** DATA FOR REVIEW **

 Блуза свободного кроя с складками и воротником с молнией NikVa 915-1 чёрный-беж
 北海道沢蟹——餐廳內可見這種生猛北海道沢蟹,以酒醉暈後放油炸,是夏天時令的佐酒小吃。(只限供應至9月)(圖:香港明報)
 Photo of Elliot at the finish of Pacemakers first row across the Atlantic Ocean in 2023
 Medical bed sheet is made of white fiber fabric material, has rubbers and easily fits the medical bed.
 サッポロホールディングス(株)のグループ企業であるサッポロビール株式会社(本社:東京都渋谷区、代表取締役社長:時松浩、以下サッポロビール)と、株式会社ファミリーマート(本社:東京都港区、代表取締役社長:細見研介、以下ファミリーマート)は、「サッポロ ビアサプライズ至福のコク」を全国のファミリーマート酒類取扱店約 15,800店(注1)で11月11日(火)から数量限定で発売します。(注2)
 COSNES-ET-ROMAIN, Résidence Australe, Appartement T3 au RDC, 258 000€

* * *

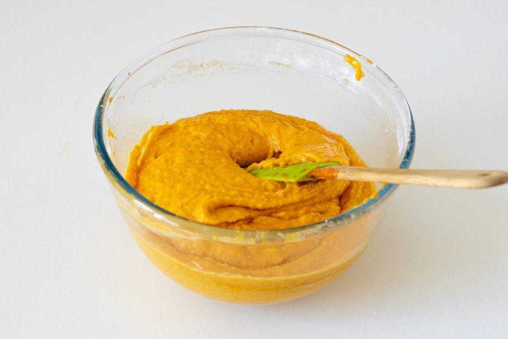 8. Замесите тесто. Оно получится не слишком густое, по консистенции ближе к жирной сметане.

* * *

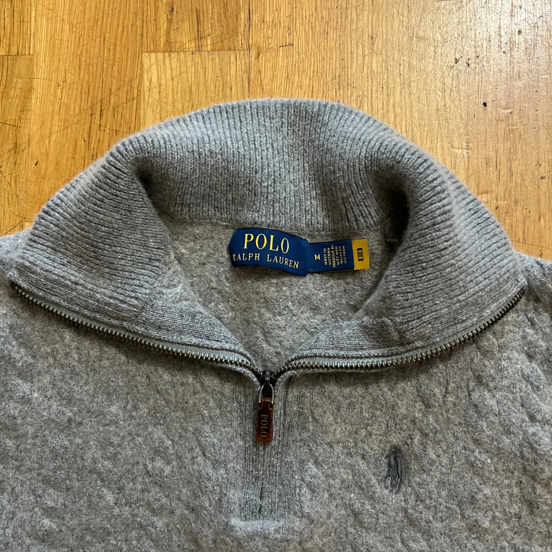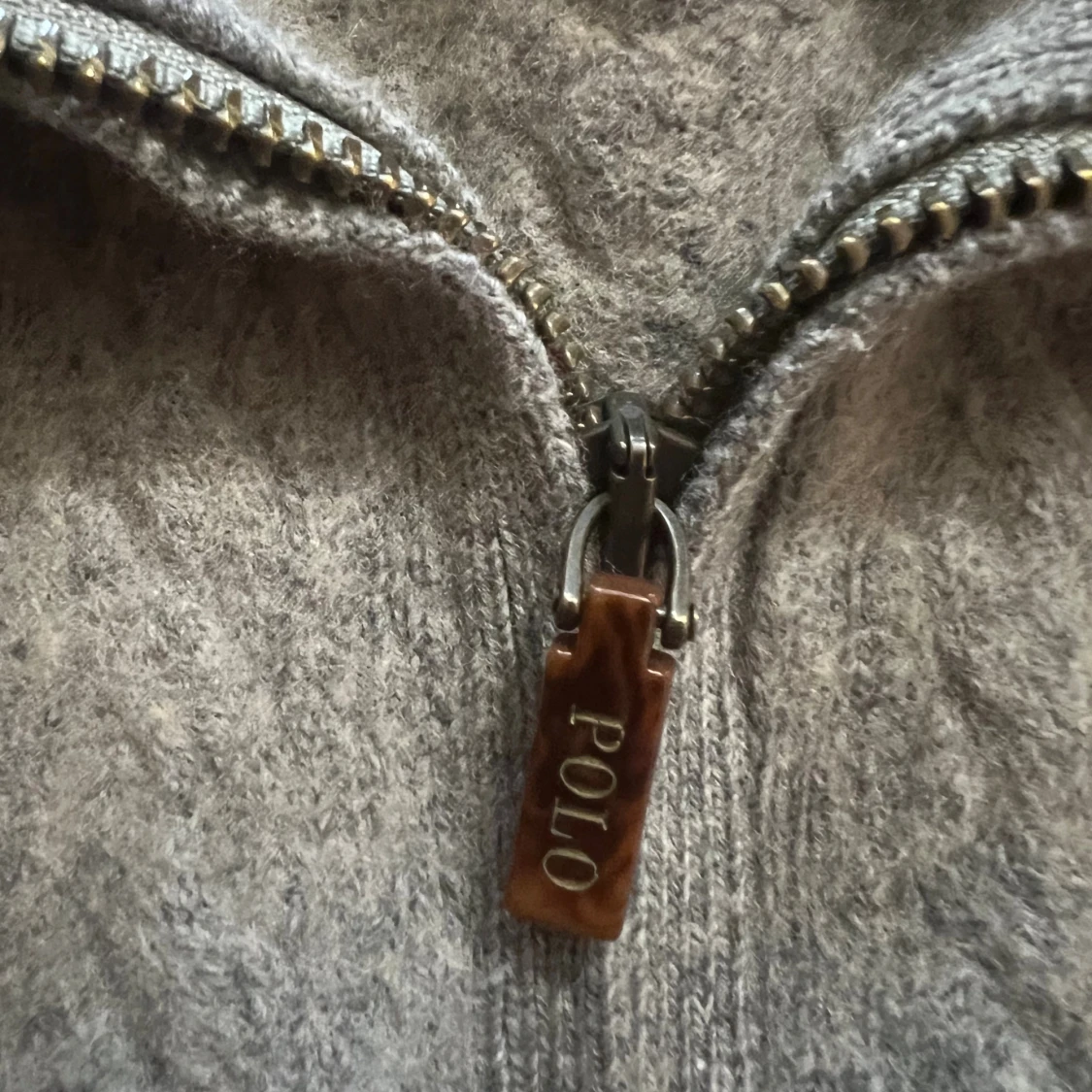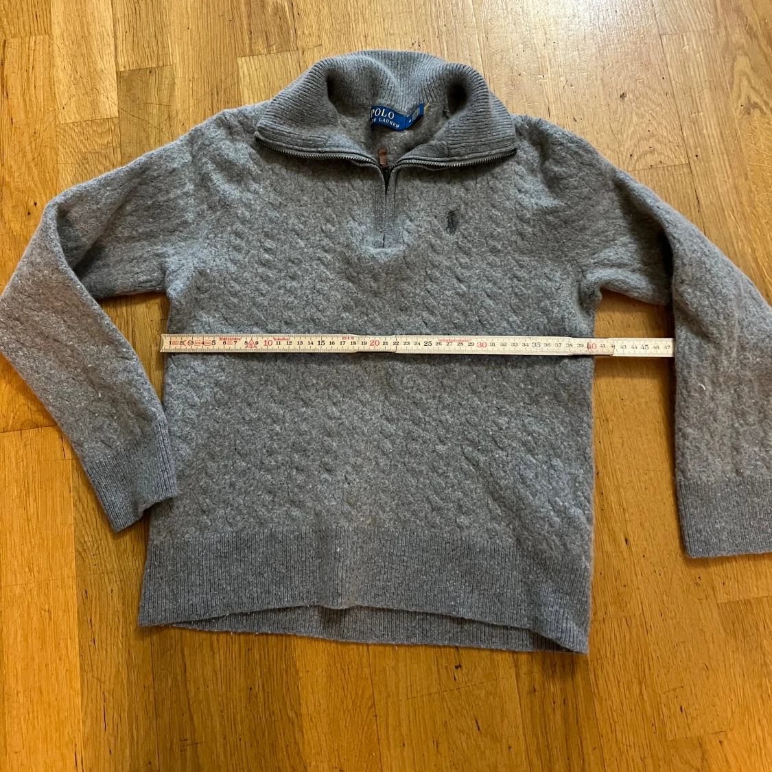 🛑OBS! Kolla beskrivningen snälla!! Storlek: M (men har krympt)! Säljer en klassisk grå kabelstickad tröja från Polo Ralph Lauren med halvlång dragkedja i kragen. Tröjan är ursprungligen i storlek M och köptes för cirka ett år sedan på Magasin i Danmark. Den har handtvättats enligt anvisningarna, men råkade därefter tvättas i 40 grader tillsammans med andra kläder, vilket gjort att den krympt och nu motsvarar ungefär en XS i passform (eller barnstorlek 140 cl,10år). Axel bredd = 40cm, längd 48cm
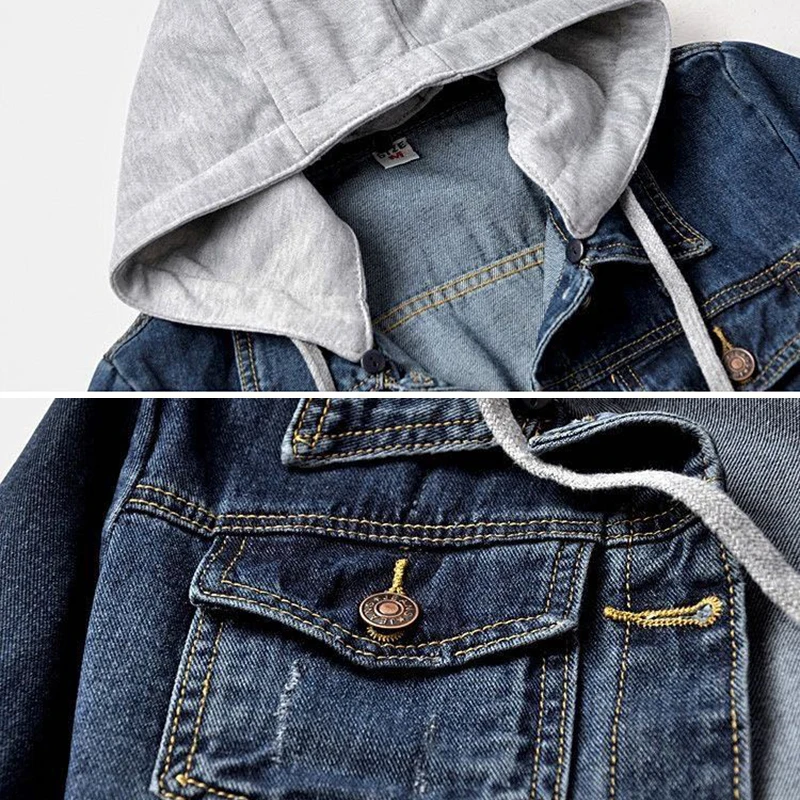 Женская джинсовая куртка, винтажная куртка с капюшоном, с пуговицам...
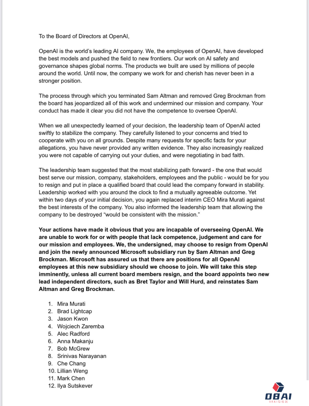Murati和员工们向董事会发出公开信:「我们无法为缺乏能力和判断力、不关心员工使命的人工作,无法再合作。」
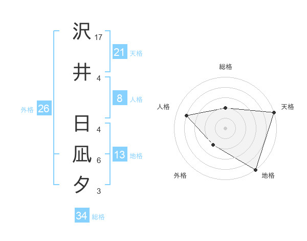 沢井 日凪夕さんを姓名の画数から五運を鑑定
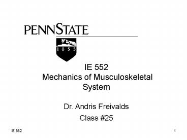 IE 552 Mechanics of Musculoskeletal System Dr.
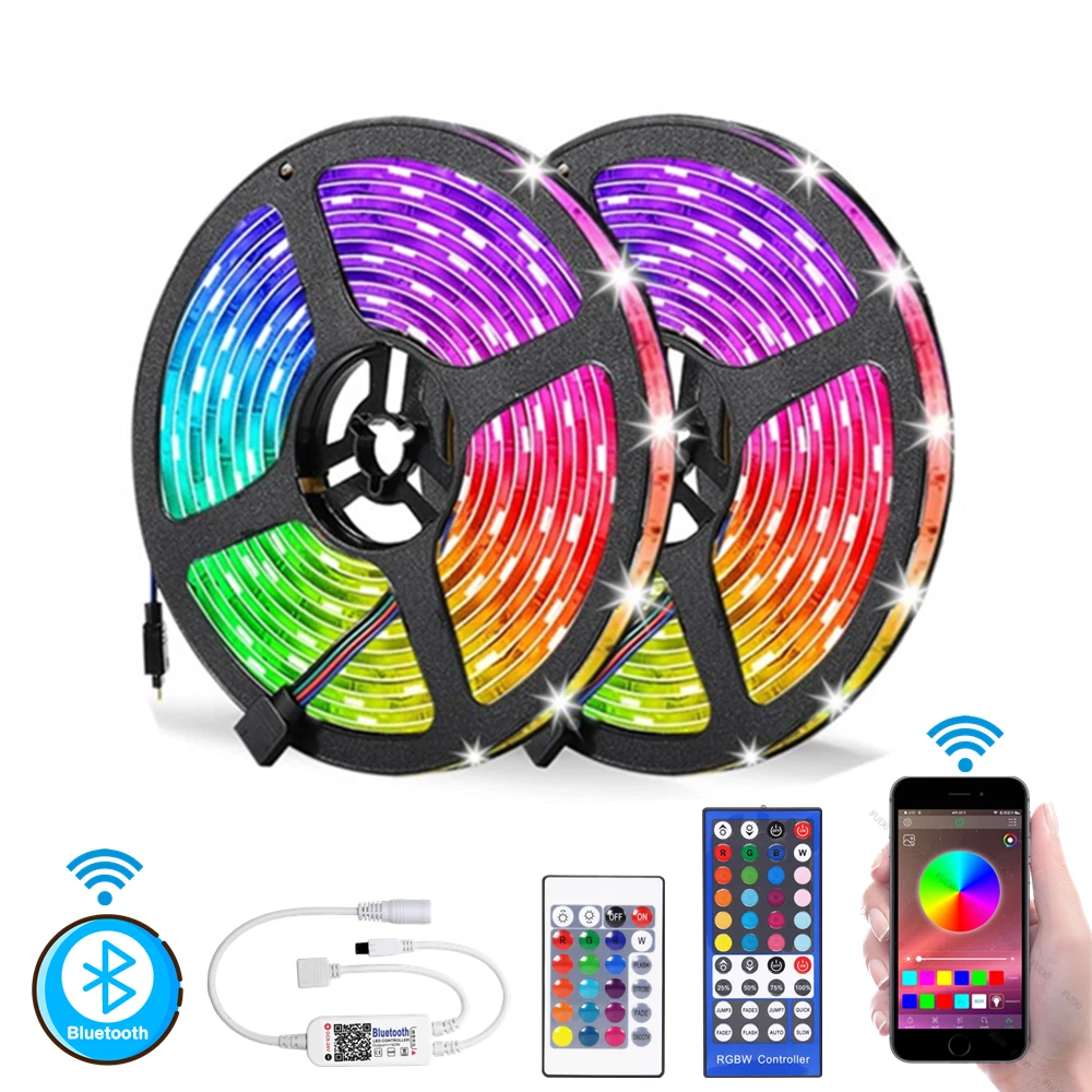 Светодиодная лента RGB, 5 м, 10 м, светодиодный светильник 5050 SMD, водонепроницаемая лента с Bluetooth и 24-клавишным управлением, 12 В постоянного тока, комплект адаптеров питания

** INSTRUCTIONS FOR THE TASK **
Please output the lines above beginning at the line with "Murati和员工们向董事会" and ending after the line with "Светодиодная лента RGB, 5", precisely as written and with no pictures.

** TASK SOLUTION **
Murati和员工们向董事会发出公开信:「我们无法为缺乏能力和判断力、不关心员工使命的人工作,无法再合作。」
 沢井 日凪夕さんを姓名の画数から五運を鑑定
 IE 552 Mechanics of Musculoskeletal System Dr.
 Светодиодная лента RGB, 5 м, 10 м, светодиодный светильник 5050 SMD, водонепроницаемая лента с Bluetooth и 24-клавишным управлением, 12 В постоянного тока, комплект адаптеров питания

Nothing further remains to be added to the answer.